# Lighting for odd size 20g Hexagon tank



## mlongpre (Oct 10, 2012)

Hey guys!

I'm new here but not so new to aquariums. I've had a standard 10g tank for about a year and a half now which is planted and doing well. I've got a 20" HO T5 lighting system on it which puts out more than enough light. The only problem I'm having right now is a black furry algae growth but I believe that is because i've had the light on a little long lately. 

Anyway, enough background. I've recently purchased an older 20 gal hexagonal tank that is 16" wide and 20" deep. Each side is 9.5". I also want to have this aquarium planted but am having a really hard time finding an adequate light setup that would fit the tank. I can't seem to find any HO T5 system that will fit a 16" wide tank and if i go with an LED system, I feel like I'm going to need a fairly large number of strips to get up the 3W/gallon light output that I'm looking for.

So question for you all. Can anyone help me figure out or recommend the best setup for this odd size tank? I'd like to keep it under $200 and want to provide enough light to grow any type of plant.

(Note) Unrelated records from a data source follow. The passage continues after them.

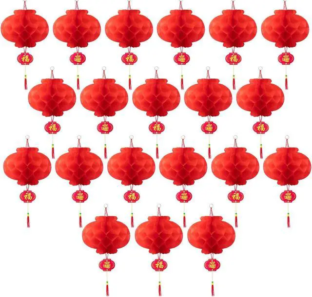 Lantern design: this red hanging lantern features a honeycomb nest shape and attached is a hanging tag printed with "Fu", which represents the coming of New Year and good luck. The red color is the traditional Chinese festive color, symbolizing good luck while red lanterns symbolize festivity and family in Chinese culture. With its special shape and structure, the bee comb shape with dense holes helps make unfolding and collapsing the lantern easy making storage and reusing easy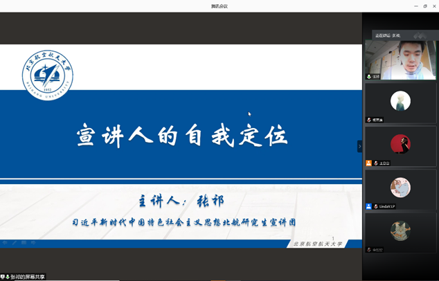 北京航空航天大学张祁团长分享的主题是“宣讲人的自我定位”。首先,他从孔子周游列国的故事出发,带领大家回顾了宣讲的历史,指出宣讲活动是整个国家治理不可缺少的一部分。接下来,他提出宣讲具体发挥的作用在于基于特定的内容为群众讲解理论知识,形成现实认识,达成思想共识,最后树立行动意识。此外,张祁团长向大家讲解了宣讲与授课、报告、演讲等语言活动的共性与差别,说明了宣讲活动的特殊意义,鼓励宣讲团成员把宣讲当成事业,热爱宣讲,享受宣讲。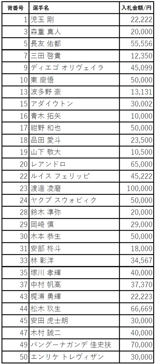 11月5日(周六)12:00开始进行的“Big Thank You Day~本赛季也感谢东京!~”第一套球衣拍卖的中期结果通知。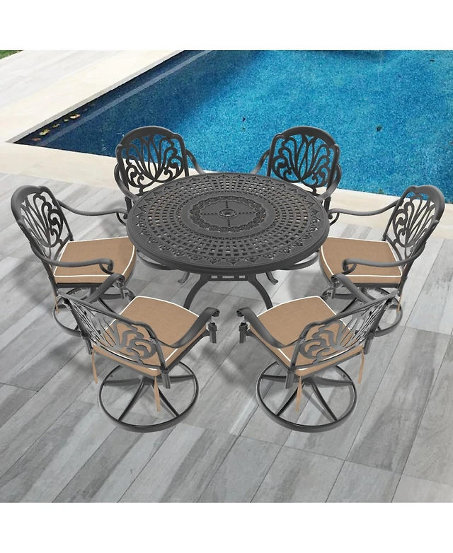Streamdale 7-Pc Cast Aluminum Dining Set, 6 Swivel Chairs, 47" Round Table, Black Frame

Let me know what you all think!

I really appreciate the time taken for any response! 

Thanks!


----------



## Michael (Jul 20, 2010)

Welcome to APC!

A really good and inexpensive light for this tank would be a desk lamp or task light with a 26w spiral compact fluorescent tube in it. Look for a 6500K "daylight" CFL at any hardware store.

The lamp should hold the CFL vertically, not horizontally--you will get more light that way.


----------



## mlongpre (Oct 10, 2012)

Thanks for the reply Michael!

That is a good alternative that i didn't think about! But i think I want to try and find something a little more professional looking. Also, I would have a hard time setting it up as I do not have anything around the tank that I can set it onto.

I guess I could find a way to make it work if I cant figure out anything else.

Thanks again!


----------



## mlongpre (Oct 10, 2012)

Ended up getting the Ray 2 LED strip...looks and lights up my tank great! Perfect fit!


----------